Marketing segmentation challenge: create value while protecting highly sensitive data
Market segmentation is a crucial marketing strategy that involves dividing a heterogeneous market into homogeneous groups based on certain shared characteristics, such as age, gender, or income. By utilizing highly personal features, marketers can create clusters to target each group with personalized promotions, coupons, and other relevant information.

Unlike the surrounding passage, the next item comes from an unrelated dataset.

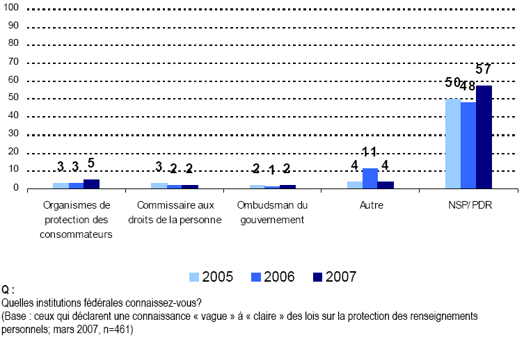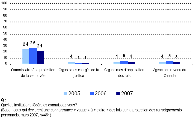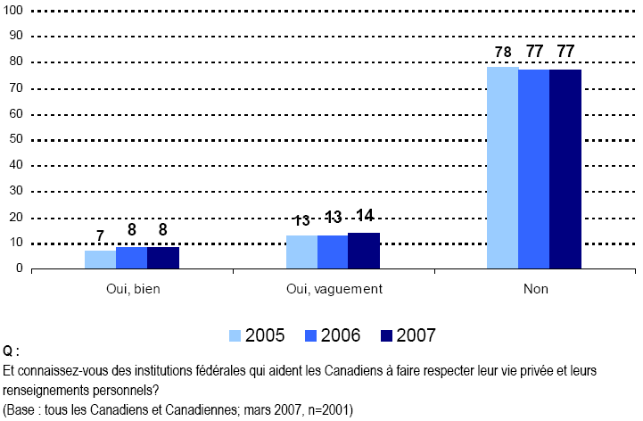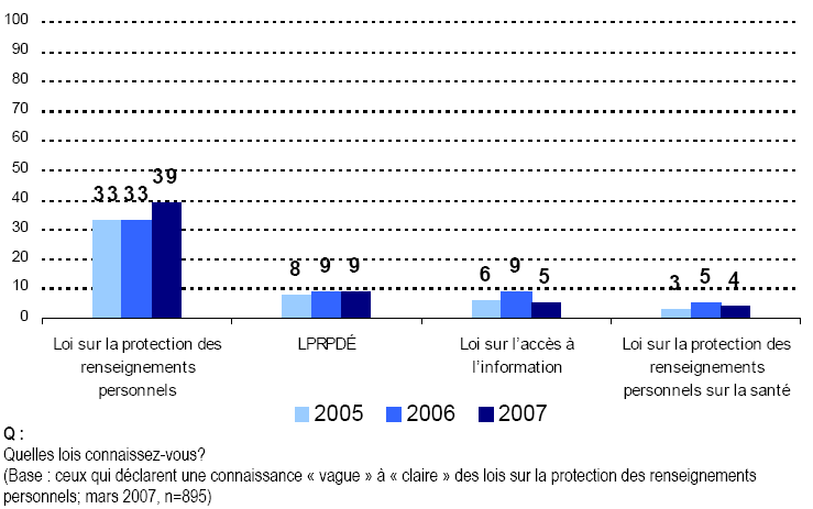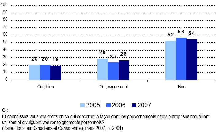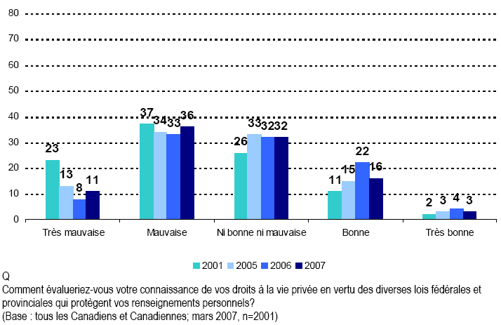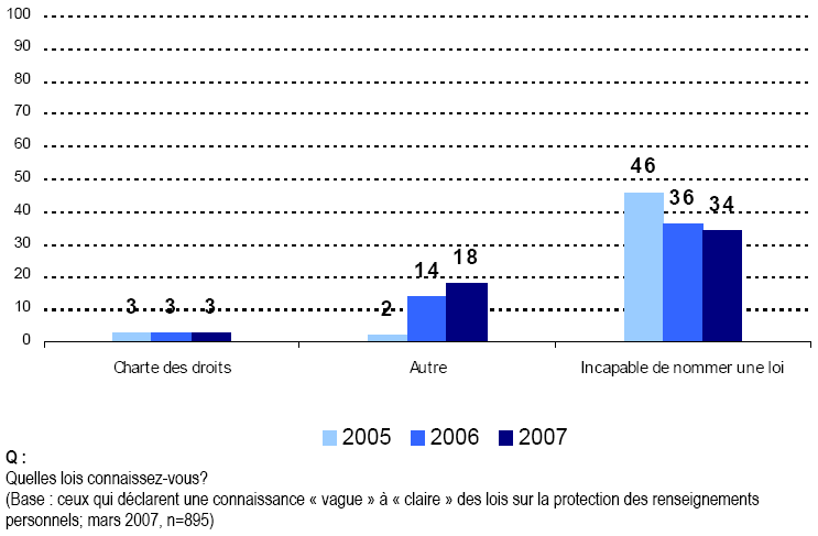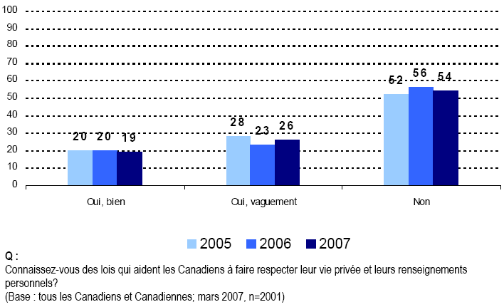 - Nous continuons d’observer que les Canadiennes et les Canadiens connaissent très peu les lois et les institutions qui protègent la vie privée de la population. En outre, ils font état de niveaux de connaissance également faibles pour ce qui concerne leur propre droit à la vie privée.

However, accessing these personal features poses significant privacy risks, making them often inaccessible to the marketer.
This demo will show how a marketing team will be able to activate a market segmentation for a cosmetics brand, using data from a grocery retailer, without compromising the privacy of individuals thanks to Sarus.
Implementing market segmentation and activation with Sarus
What is Sarus?
Sarus is a solution which allows analysts to work on sensitive data without seeing it in the process. They can conduct statistical analysis and develop machine learning models to extract insights and make decisions without compromising the privacy of individuals.
We’ll see why this is a secure and efficient way to design a market segmentation strategy.
Retail dataset
Find the data on our github here.
In this demo, we are using a subset of the retail dataset Completejourney — you can find a full description here. The original dataset contains data about household-level transactions over one year from a group of 2,469 households who are frequent shoppers at a grocery store — we will be using only data of 800 households for whom there are demographic insights.
The demo uses three tables:
The demographics table provides detailed information about the socio-economic and demographic characteristics of households. The transactions and products tables describe the purchases made by households, including the amount spent, when and where they made the purchase, product category, and origin.
Data sensitivity
Considering that “99.98% of Americans would be correctly re-identified in any dataset using 15 demographic attributes” according to this scientific article, hence the retail dataset we will be using is very sensitive. Moreover it also contains insights about households’ consumption habits that can facilitate even more re-identification.
Dataset preparation
In order to conduct this market segmentation, first the data administrator from the retailer — who collected and owns the data — onboards the dataset in Sarus. During this step, the application automatically generates Synthetic Data with a deep-learning generative model that preserves types and links between tables (learn more about the model in this article). Having a precise understanding of the data is very important for the analyst, and the synthetic data allows to get these precious elements.
The data administrator from the retailer also customizes the Privacy Policy applied to the data scientist from the marketing team, specifying the results they will receive. In our case, they will have access to the Synthetic Data, Differentially Private results and the right to activate ids.
The data scientist now has access to the dataset called ‘retail_data’ and can conduct the market segmentation using Python.
Extract, explore, pre-process and segment the dataset
Notebook intro
You can find the notebook here!
First, the analyst connects to the instance where the dataset has been set up by the data administrator:
The analyst will be using pandas, numpy and scikit-learn to manipulate the remote dataset. For this, the respective APIs from the Sarus libraries must be imported.
Explore the tables
Once the dataset has been selected, the analyst can see all its tables and get samples from each of them.
Note the output message: ‘Evaluated from synthetic data only’. Indeed, the analyst’s Privacy Policy does not allow them to see raw data, therefore the Sarus API returns the best alternative output according to the Policy: rows of synthetic data.
Extract the relevant data with a SQL query and process them with pandas
After doing some exploration on the different tables, the data scientist can create the view they want to work on using a SQL query.
Now that the relevant data have been selected, the data scientist still has to correct the format in order to train a Machine Learning algorithm.
Here we trained a KMeans model to create clusters and mapped each household to the corresponding group.
Activate this list of ids
Now, we’re ready to send the list of ID to a third-party tool.
And it’s done: all the insights have been pushed to the third-party tool, and the digital marketing team can instantly start using them!
Conclusion and benefits
The data scientist, armed with his trusty libraries, was able to run his analytical work in an usual way even without accessing data. They were able to define two specific audiences and use them in their marketing campaigns. The process adhered to the highest standards of data protection, ensuring that no personal information is ever exposed or leaked.